» **INPUT DATA**
----

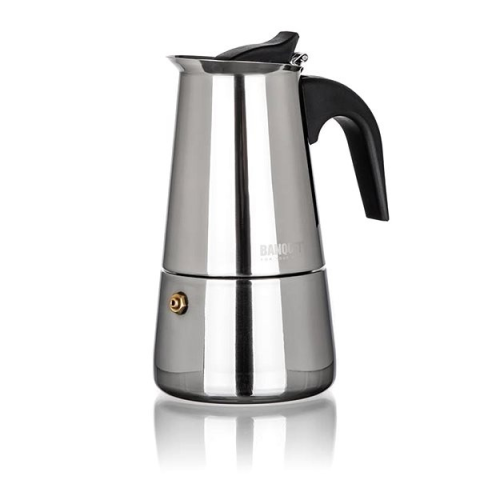 Kotyogós kávéfőző - tűzhelyre, melegítés típusa gáz, áram és üvegkerámia, űrtartalma 200 ml, kapacitása egy melegítésre 4 csésze, indukciós, anyaga rozsdamentes acél, ezüst kivitel A híresen megbízható Banquet mokkafőzőjében készült erős feketével kellemesen indul majd a reggel. Ennek az olaszos kávéfőzőnek a segítségével finom kávét készíthetsz, dizájnos formájának hála pedig a
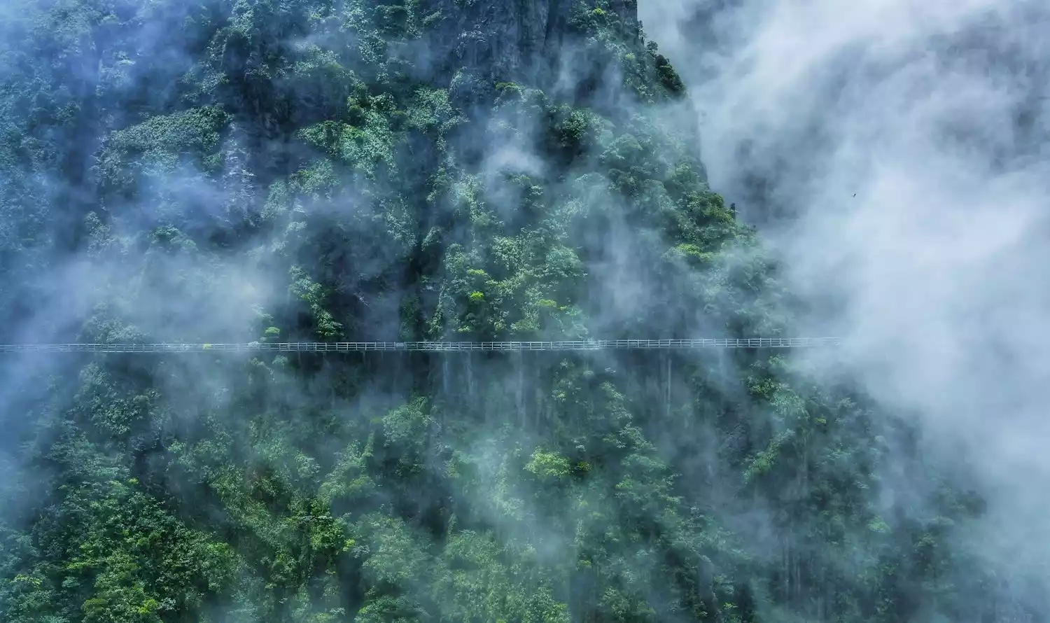It is the Mangshan National Forest Park, which is shrouded in clouds and mist all year round.
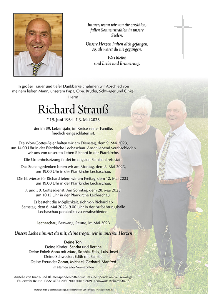 Liebe Toni, werte Trauerfamilie! Mein aufrichtiges Beikeud zum Heimgang vom kieben Richard! Ich denje ift ab ubseren gemeibsamen Stunden die wir verbribgeb durften. Lueber Richard ruhe in Frieden. LISI??

----

» **EXERCISE INSTRUCTIONS**
The whole listing should be printed again exactly as written, images excluded.

» **REPLY TO THE TASK**
 Kotyogós kávéfőző - tűzhelyre, melegítés típusa gáz, áram és üvegkerámia, űrtartalma 200 ml, kapacitása egy melegítésre 4 csésze, indukciós, anyaga rozsdamentes acél, ezüst kivitel A híresen megbízható Banquet mokkafőzőjében készült erős feketével kellemesen indul majd a reggel. Ennek az olaszos kávéfőzőnek a segítségével finom kávét készíthetsz, dizájnos formájának hála pedig a
It is the Mangshan National Forest Park, which is shrouded in clouds and mist all year round.
 Liebe Toni, werte Trauerfamilie! Mein aufrichtiges Beikeud zum Heimgang vom kieben Richard! Ich denje ift ab ubseren gemeibsamen Stunden die wir verbribgeb durften. Lueber Richard ruhe in Frieden. LISI??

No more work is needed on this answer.